START Dataset excerpts
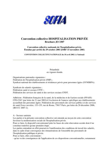 Convention collective du 18 avril 2002. Il sagit de la version intégrale et à jour de la convention collective nationale de lhospitalisation privée du 18 avril 2002. Jo du 15 novembre numéro didentifiant idcc. Télécharger pdf convention collective nationale de lhospitalisation privée du 18 avril 2002 textes attachés télécharger rtf accord du 26 février 2001 relatif au financement du paritarisme dans lhospitalisation privée le secteur social et médico social à caractère commercial. Convention collective du 18 avril 2002. Si vous recherchez un emploi dinfirmier vous pouvez aussi consulter notre. 3307 a jour au 1er avril 2010 164 boulevard du montparnasse 75014 paris.
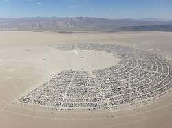 Burning Man is a week-long annual art and community event held in the Black Rock Desert in northern Nevada, in the United States. The event is described as an experiment in community, radical self-expression, and radical self-reliance. The event forbids commerce (except for ice, coffee, and tickets to the event itself)[63] and encourages gifting.[64] Gifting is one of the event's 10 principles,[65] as participants to Burning Man (both the desert festival and the year-round global community) are encouraged to rely on a gift economy. The practice of gifting at Burning Man is also documented by the 2002 documentary film Gifting It: A Burning Embrace of Gift Economy,[66] as well as by Making Contact's radio show "How We Survive: The Currency of Giving [encore]".[64]
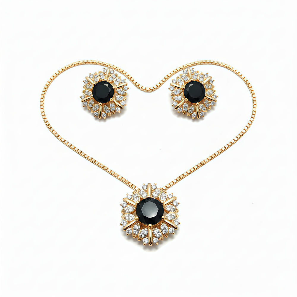 The Radiant Sunflower Crystal Pendant Set - Jet Black is a masterpiece of contrast and elegance. This sophisticated set features a bold, deep black round stone at the center of both the pendant and the matching stud earrings. The dark stone is beautifully framed by a halo of sparkling clear crystals arranged in a petal-like starburst pattern, creating a dramatic "sunflower" effect that shimmers against the gold setting.
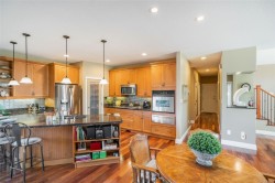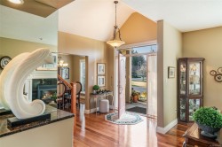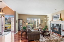 Executive Elegance in Aerie Estates. This beautifully appointed home is ideally located on a meticulously landscaped, expanded lot in the prestigious Aerie Estates community close to Parksville's amenities. A bright foyer with cathedral ceilings welcomes you into an open-concept living space featuring wood floors, oversized windows and a cozy natural gas fireplace. The chef’s kitchen offers a walk-in pantry, granite sink, premium appliances, and generous counter space, perfect for entertaining. The main-level primary suite provides comfort with a walk-in closet and spa-inspired 5-piece ensuite. Upstairs features a spacious family room, dedicated office, two additional bedrooms, and a full bathroom. Enjoy a private, fully fenced backyard with a peaceful patio retreat. Additional highlights include a heat pump, furnace, 4.5-foot crawl space, double garage, security system, and underground sprinklers. An exceptional opportunity in one of Parksville’s most desirable neighborhoods.
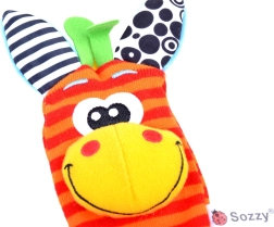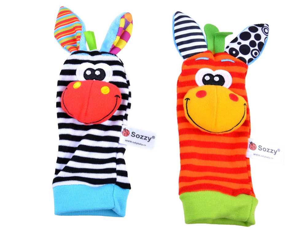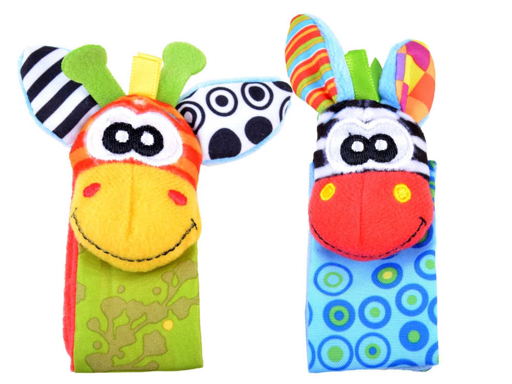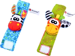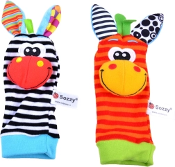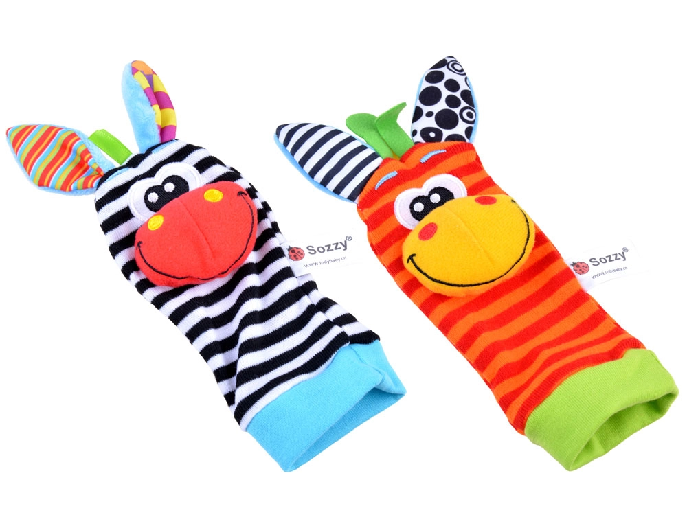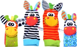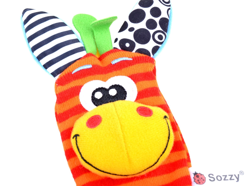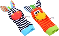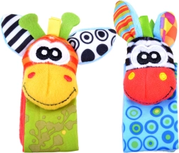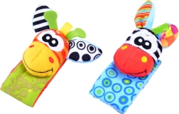 Kojinytės barška ir kartu šildo, riešo dirželiai lengvai pritvirtinami dėl lipduko ir gerai laikosi net aktyviai judant. Siuvinėti gyvūnėlių veidukai yra visiškai saugūs, be smulkių dalių. Žaislus galima skalbti, tad juos lengva palaikyti švarius – puikus pasirinkimas kasdieniam žaidimui ir kaip dovana naujagimiui.
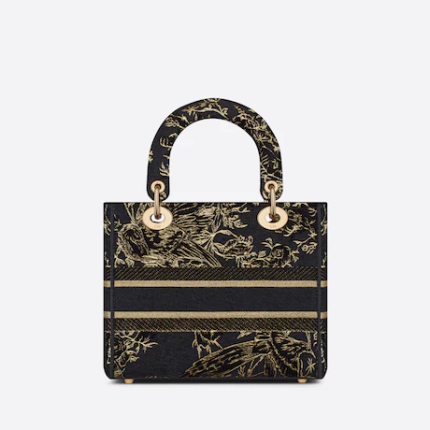 MEDIUM LADY D-LITE BAG Black Multicolor Dior Jardin d’Hiver Embroidered Cotton with Velvet and Metallic Thread
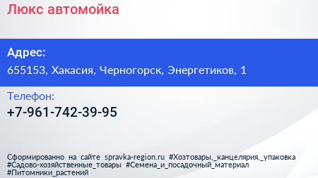 Люкс, автомойка по адресу 655153, Хакасия, Черногорск, Энергетиков, 1 в дальнейшем Организация, размещена в следующих категориях:
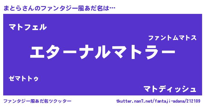 | 意味不明あだ名 | 『まとらフォーエバー』『ペロリンまとら』 |
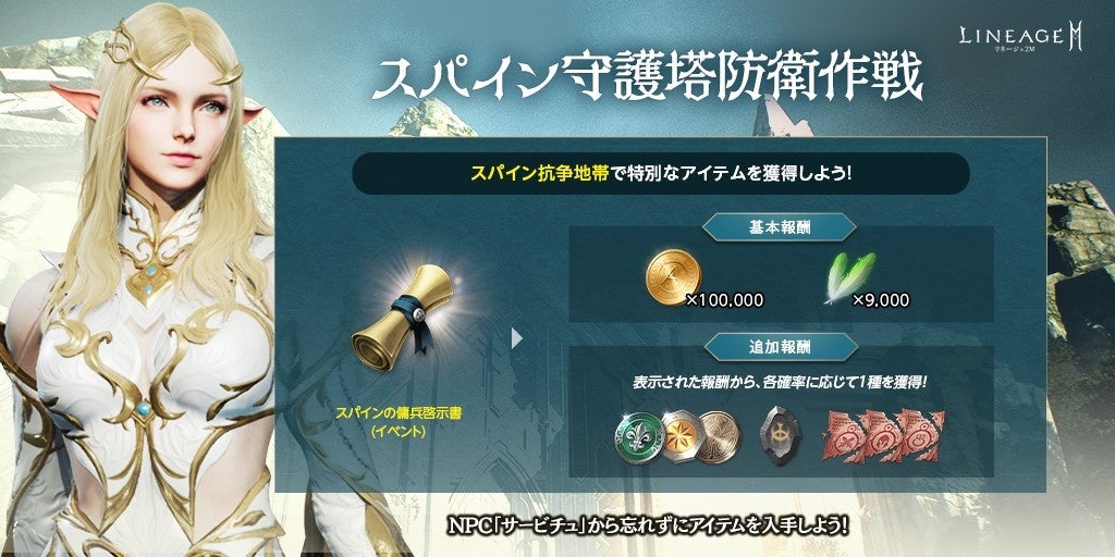 期間中、ワールド ダンジョン「スパイン抗争地帯」のロビーにイベントNPC「サービチュ(イベント)」が出現します。「サービチュ(イベント)」から、アデナを使用することで、「スパイン抗争地帯」に関連したクエストなどが啓示される、「スパインの傭兵啓示書(イベント)」を獲得できます。
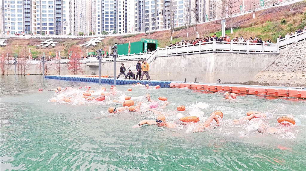 12月21日,陕西省第八届汉江公开水域冬泳赛在紫阳县月畔湾广场水域举行。当天,来自陕西、湖北、四川、重庆、河南、内蒙古自治区的44支代表队400余名运动员报名参赛。(储茂银 摄)
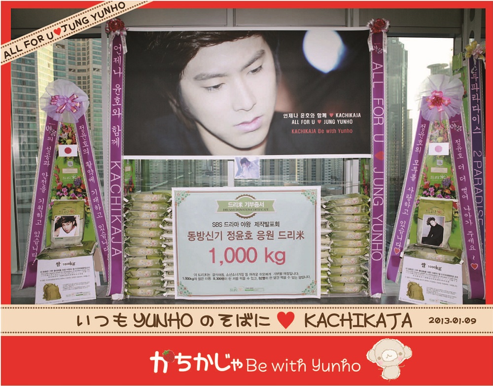 ![]() ミュージカル光化門恋歌の米花輪のお米500kgは 東日本大震災被災地である福島や両親をなくした子どもたちに等に大切に分けて寄付されました。 今回のドラマ野王の米花輪のお米1000kgはYUNHOの故郷・光州の児童養護施設に寄付したいと思っています。 (寄贈先はまだ決定されていませんが希望は出しています) 日本と韓国、両国の未来のある子どもたちの笑顔を かちかじゃは、これからも、 同じ愛で、等しく、応援していきます^__^ ありがとうございました^^ ~★~★~★~★~裏話~★~★~★~★~ 上の応援ボードは、韓国サイドで準備してくださいました! かちかじゃで作成していたものは画像解像度の問題で直前にNGとなった為です>< 急遽ご対応くださった韓国のカシオペアのみなさんに感謝感謝感謝ですT___T ありがとうございました!!!!! 幻のバナーです^^ ![]() ~★~★~★~★~★~★~★~★~★~ |
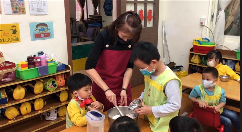 忠山幼兒園在生活情境中學客語,圖為搭配節慶過年主題,蒸發糕。圖/新北教育局提供
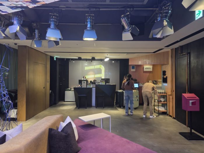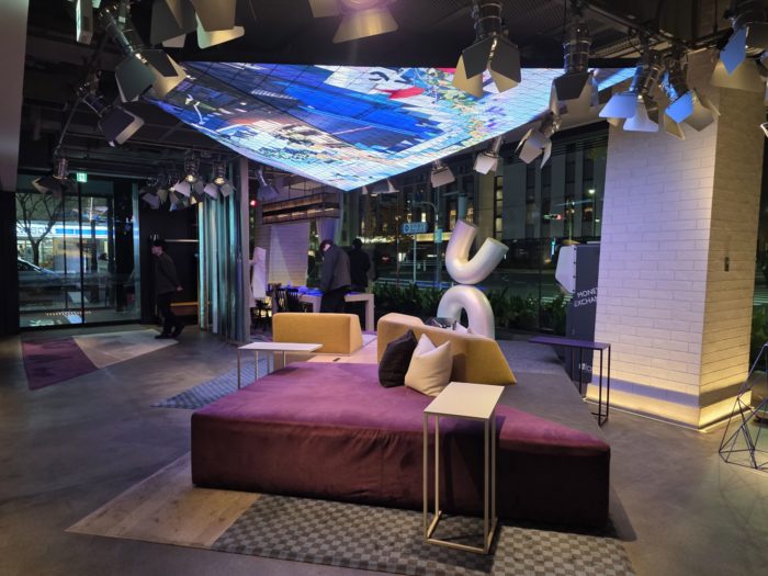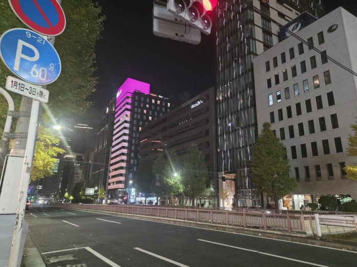 銀座にはアロフト、コートヤード、ACと3つのマリオット系ホテルが並んでいますが、外から見るとアロフトだけ派手。真ん中のピンクのビルです。
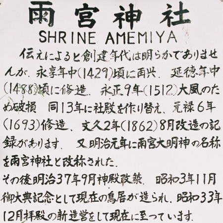 | ▼説明の看板(雨宮神社社叢) | ▼説明の看板(雨宮神社石段の由来) | |
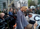 У входа в посольство стоят активисты ВО "Свобода" и организации "Сокол". Они держат плакаты с лозунгами. На одном из них написано "Смерть России". На асфальте лежит помятый российский флаг. Один человек держит виселицу с повешенной на ней куклой президента России Владимира Путина. Он одет в полосатый колпак и робу, как арестант.
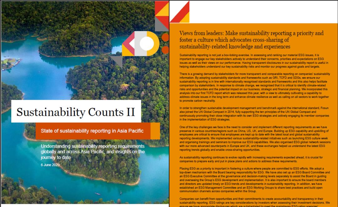 新加坡国立大学与普华永道发布《可持续发展的重要性研究报告》 肯定复鑫ESG披露水平
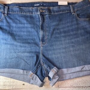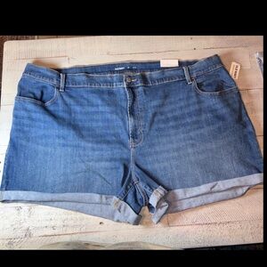 Brand new with tags. Size 26. Read rise wow Jean shorts. 3.5 inch inseam. waist 25 inches. Belt, loops button and zip closure. Rolled up leg openings. Medium light wash. Cotton blend. 69% cotton 30% polyester% 1% spandex.
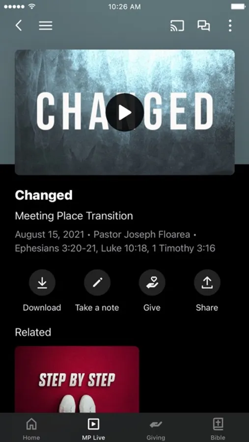 This app will help you stay connected with the day-to-day life of our church. With this app you can: watch or listen to past messages; stay up to date with push notifications; share your favorite messages via Facebook, YouTube, or email; and download messages for offline listening.
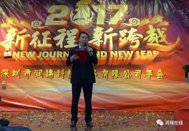在開場舞蹈《開門紅》烘托出熱鬧氛圍中,請出了楊總發(fā)表賀詞。楊總在發(fā)言中肯定了潤錦人在2016年度和過去的十年里通過努力和付出創(chuàng)造出不凡的業(yè)績,提出了在新環(huán)境新形勢下更要積極主動創(chuàng)造新的輝煌。“新征程、新跨越”,潤錦人攜手并進。
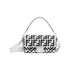 Iconic medium Baguette bag, made of white canvas with a black FF motif in a raised embroidery and a decorative FF clasp.
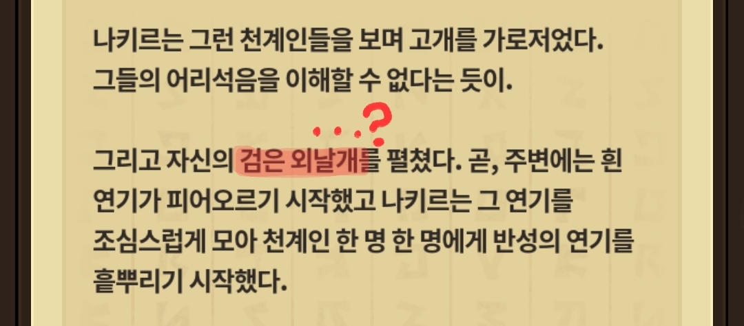 나키르는 흰 색상의 용인데 스토리 내에서는 검은 외날개라고 잘못 표기되어 있네요
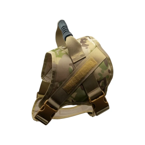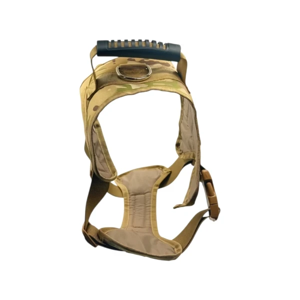 Harnais pour chien en tissu résistant avec motif militaire, conçu pour offrir confort et sécurité lors des promenades.
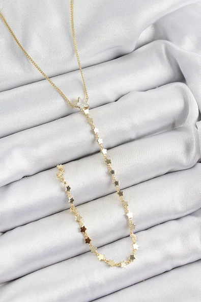 Pirinç Zirkon Taşlı Sıralı Yıldız Figürlü Y Model Gold Renk Kadın Kolye
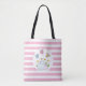 Eine Tasche mit einem Mama- und Babybunny stehend zusammen. Im Hintergrund gibt es frische Frühlingsblumen. Einige skurrile Schmetterlinge flattern darüber. Set auf einem rosa gestreiften Hintergrund.
END Dataset excerpts
- What you will do
Take only the lines above from the one that has "The Radiant Sunflower" through the one that has "Kojinytės barška ir" and reproduce them exactly, omitting any pictures.

- Answer for this exercise
 The Radiant Sunflower Crystal Pendant Set - Jet Black is a masterpiece of contrast and elegance. This sophisticated set features a bold, deep black round stone at the center of both the pendant and the matching stud earrings. The dark stone is beautifully framed by a halo of sparkling clear crystals arranged in a petal-like starburst pattern, creating a dramatic "sunflower" effect that shimmers against the gold setting.
 Executive Elegance in Aerie Estates. This beautifully appointed home is ideally located on a meticulously landscaped, expanded lot in the prestigious Aerie Estates community close to Parksville's amenities. A bright foyer with cathedral ceilings welcomes you into an open-concept living space featuring wood floors, oversized windows and a cozy natural gas fireplace. The chef’s kitchen offers a walk-in pantry, granite sink, premium appliances, and generous counter space, perfect for entertaining. The main-level primary suite provides comfort with a walk-in closet and spa-inspired 5-piece ensuite. Upstairs features a spacious family room, dedicated office, two additional bedrooms, and a full bathroom. Enjoy a private, fully fenced backyard with a peaceful patio retreat. Additional highlights include a heat pump, furnace, 4.5-foot crawl space, double garage, security system, and underground sprinklers. An exceptional opportunity in one of Parksville’s most desirable neighborhoods.
 Kojinytės barška ir kartu šildo, riešo dirželiai lengvai pritvirtinami dėl lipduko ir gerai laikosi net aktyviai judant. Siuvinėti gyvūnėlių veidukai yra visiškai saugūs, be smulkių dalių. Žaislus galima skalbti, tad juos lengva palaikyti švarius – puikus pasirinkimas kasdieniam žaidimui ir kaip dovana naujagimiui.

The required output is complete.